* PROVIDED DATA
+ + + +

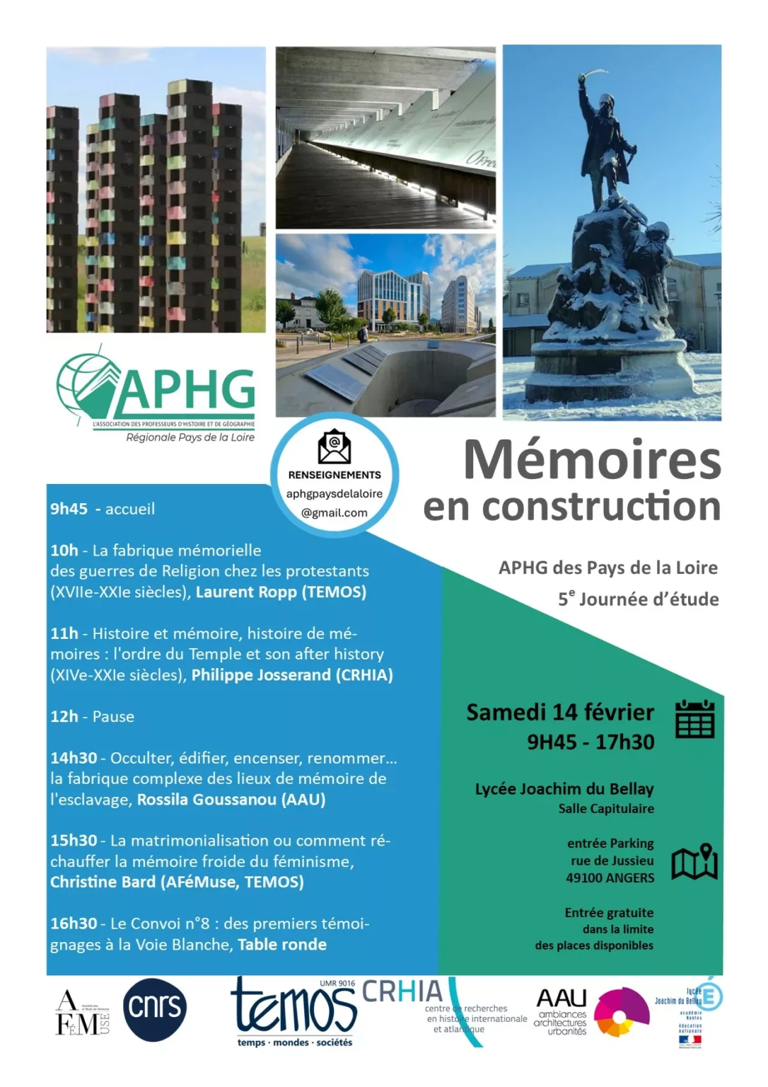 Réchauffer la mémoire froide des féminismes avec Christine Bard ; comprendre les enjeux des lieux de mémoire de l’esclavage avec 𝐑𝐨𝐬𝐬𝐢𝐥𝐚 𝐆𝐨𝐮𝐬𝐬𝐚𝐧𝐨𝐮 ; analyser les secrets (im)mémoriaux des Templiers de Druon aux Mangas en passant par la Norvège, en compagnie de 𝐏𝐡𝐢𝐥𝐢𝐩𝐩𝐞 𝐉𝐨𝐬𝐬𝐞𝐫𝐚𝐧𝐝 ; suivre la mémoire des Guerres de religion du XVe à nos jours avec 𝐋𝐚𝐮𝐫𝐞𝐧𝐭 𝐑𝐨𝐩𝐩 ; être impressionné enfin par la capacité de nos élèves à faire vivre collectivement la mémoire de la Shoah à travers une table ronde animée par 𝐁𝐞𝐫𝐭𝐫𝐚𝐧𝐝 𝐁𝐨𝐬𝐬𝐲 (avec Régine Podorowski, 𝐀𝐥𝐚𝐢𝐧 𝐉𝐚𝐜𝐨𝐛𝐳𝐨𝐧𝐞, Michel Letertre, les associations 𝐂𝐨𝐧𝐯𝐨𝐢 𝐧°𝟖 et Association 1. COM1 et des élèves). C’était la 5ième journée d’étude de APHG Pays de la Loire ! merci à toutes et à tous !
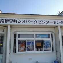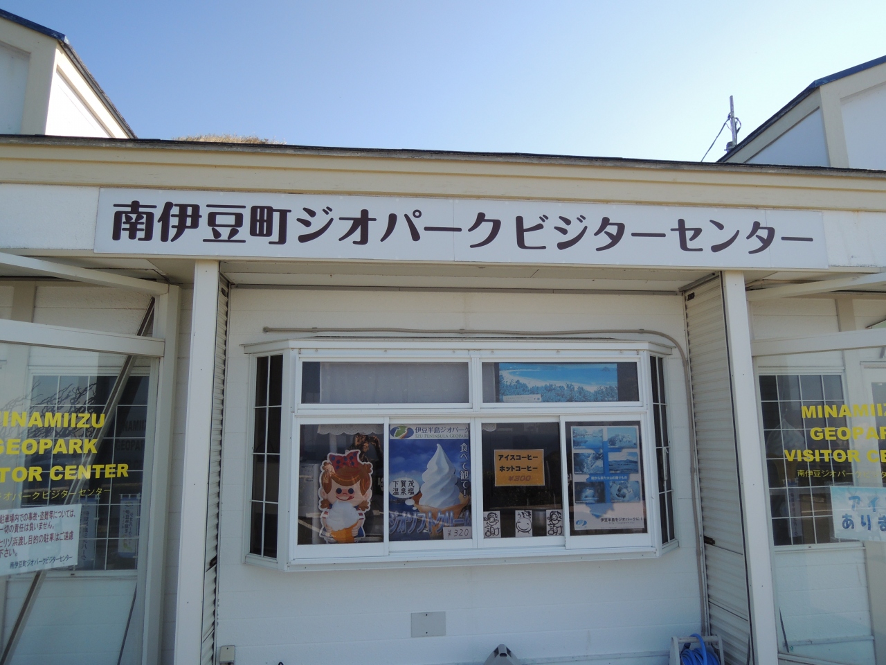 南伊豆町ジオパークビジターセンター内は小さいですがジオサイトの地図・写真パネルなどの展示されています。ここは絶景と夕陽の展望が出来る場所の一等地に建っていてとても風景のいいところです。駐車場も車を海側に停めればとても海との構図のいい写真が撮れてオススメですよ。
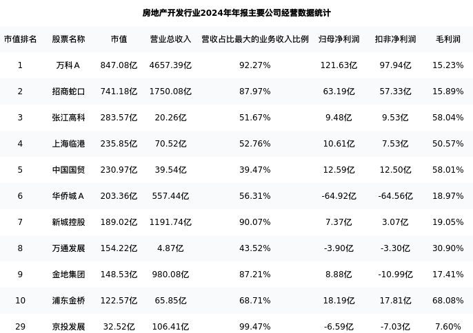 京投发展最新报告期数据为年报,下表汇总了房地产开发行业内市值靠前的公司年报主要经营数据
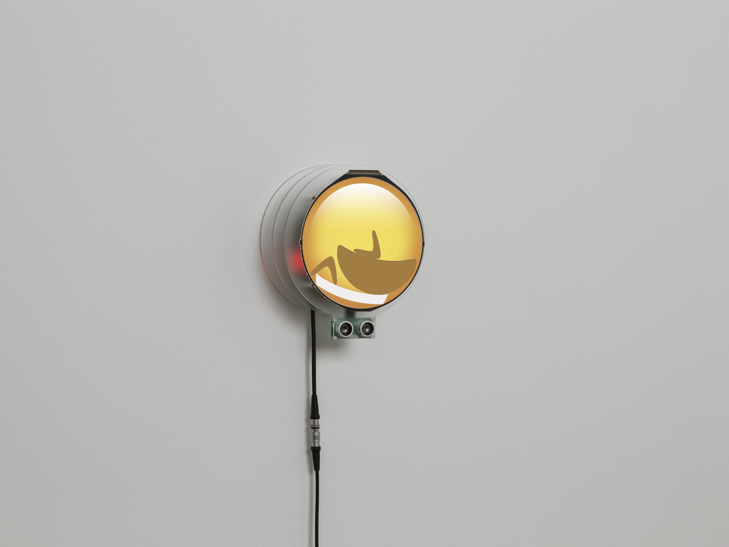 The round screen displays the “Smiling Face” emoji. When the viewer approaches within 1 meter, the smile collapses instantly.

+ + + +

* WORK TASK
What this calls for is a word-for-word copy of the listing above, pictures excluded.

* ANSWER BELOW
 Réchauffer la mémoire froide des féminismes avec Christine Bard ; comprendre les enjeux des lieux de mémoire de l’esclavage avec 𝐑𝐨𝐬𝐬𝐢𝐥𝐚 𝐆𝐨𝐮𝐬𝐬𝐚𝐧𝐨𝐮 ; analyser les secrets (im)mémoriaux des Templiers de Druon aux Mangas en passant par la Norvège, en compagnie de 𝐏𝐡𝐢𝐥𝐢𝐩𝐩𝐞 𝐉𝐨𝐬𝐬𝐞𝐫𝐚𝐧𝐝 ; suivre la mémoire des Guerres de religion du XVe à nos jours avec 𝐋𝐚𝐮𝐫𝐞𝐧𝐭 𝐑𝐨𝐩𝐩 ; être impressionné enfin par la capacité de nos élèves à faire vivre collectivement la mémoire de la Shoah à travers une table ronde animée par 𝐁𝐞𝐫𝐭𝐫𝐚𝐧𝐝 𝐁𝐨𝐬𝐬𝐲 (avec Régine Podorowski, 𝐀𝐥𝐚𝐢𝐧 𝐉𝐚𝐜𝐨𝐛𝐳𝐨𝐧𝐞, Michel Letertre, les associations 𝐂𝐨𝐧𝐯𝐨𝐢 𝐧°𝟖 et Association 1. COM1 et des élèves). C’était la 5ième journée d’étude de APHG Pays de la Loire ! merci à toutes et à tous !
 南伊豆町ジオパークビジターセンター内は小さいですがジオサイトの地図・写真パネルなどの展示されています。ここは絶景と夕陽の展望が出来る場所の一等地に建っていてとても風景のいいところです。駐車場も車を海側に停めればとても海との構図のいい写真が撮れてオススメですよ。
 京投发展最新报告期数据为年报,下表汇总了房地产开发行业内市值靠前的公司年报主要经营数据
 The round screen displays the “Smiling Face” emoji. When the viewer approaches within 1 meter, the smile collapses instantly.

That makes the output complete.